Today's news has that dreadful warning ring being sounded at a time of significant recovery of the NZ rural economy.

All is not well with international farming and farm trade and the flash points are starting to emerge.

The EU's intolerance of the second major livestock disease outbreak in Britain will have significant long term effects on the way the EU manages its cross boarder trade. Particularly in meat where major programs are underway to try to diminish the anguish caused to producers from another region of EU by farmers who are still considered foreigners.

But even more significant has been the strident criticism of the appalling conditions prevailing on the farm where the original F&M outbreak appears to have occurred in Britain.

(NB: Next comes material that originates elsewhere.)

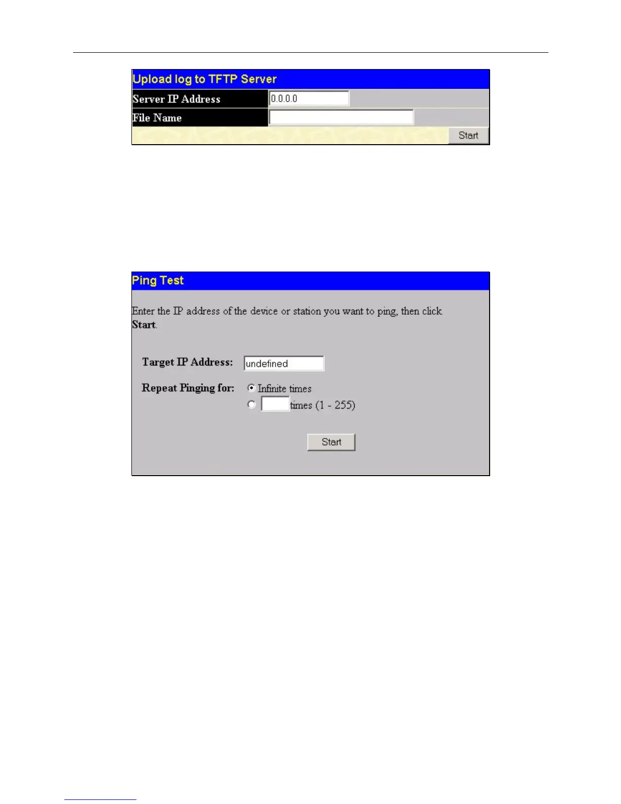 number of times to ping the Target IP Address by clicking its radio button and entering a number between 1 and 255.

The UK media has driven home the realisation that demand for low cost food supported by costly subsidies has not created a pleasant rural environment for livestock and livestock farmers.

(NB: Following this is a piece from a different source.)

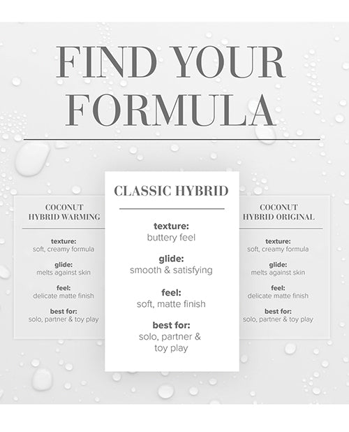 JO Coconut Hybrid lubricant is our unique blend of premium coconut oil and water-based ingredients. It offers a rich glide that melts against the skin for the perfect slide during solo, partnered, and toy play. Its soft, creamy formula absorbs naturally for a nourishing and delicate finish thats never greasy or oily. Key ingredients. Cocos Nucifera (Coconut) Oil is a natural antioxidant and moisturizer. Not compatible with polyurethane condoms.

Where is the fault? Is it the consumer's expectation for cheap food? The farmers demand for subsidy and market manipulation? Or the politicians blind belief that direct rural support was the only tool available to ensure re-election?

The veganism proponents must be gloating over the mess that meat producers have created by drifting into such debilitating production systems that now seem to be falling victim to disease consequences that will be far reaching and costly to rectify. But even more concerning is the sensitising of the consumer to production faults in many livestock farming systems? Can consumption levels for beef and sheep meats recover from such sustained bouts of bad publicity?

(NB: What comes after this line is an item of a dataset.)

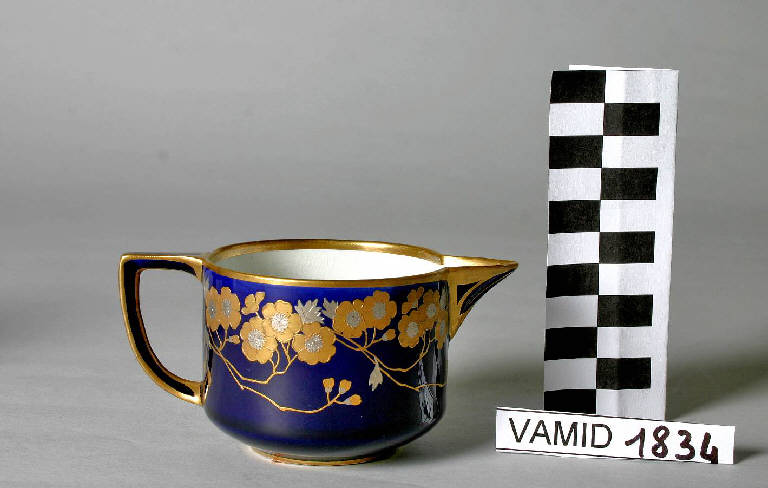 Lattiera decorata a motivi floreali a rilievo in oro e argento su fondo interamente smaltato in blu cobalto. Rifiniture in oro brillante.

US farmers have set out their demands for a doubling of direct subsidies to $NZ55 billion to maintain their industry. Such an action may be within the rules of the WTO but they are certainly not within the spirit of the direction that agricultural world trade was being pushed since the Uruguay round mapped out a plan to reduce first world subsidies of agricultural production

How the US will control the 'leakage' of such a large support program onto world markets is frightening enough. But when positioned against the USDA's recently announced plan to lift US Agricultural sales internationally by 20 percent the effect may be devastating on international prices for the very products that NZ markets internationally.

Finally and ironically the pushy little Aussie plan to 'fight dirty' when confronted by players who appear to be breaking the trade rules can bring a wry smile to those nations who have already experienced the other face of the Aussie character pursuing self interest.

Perhaps the ghost of Walter Nash still resides in the NZ labour caucus and a revisit to the guaranteed price schemes of the 1930's is being planned at this moment! Otherwise is it back to the 90's for farm returns?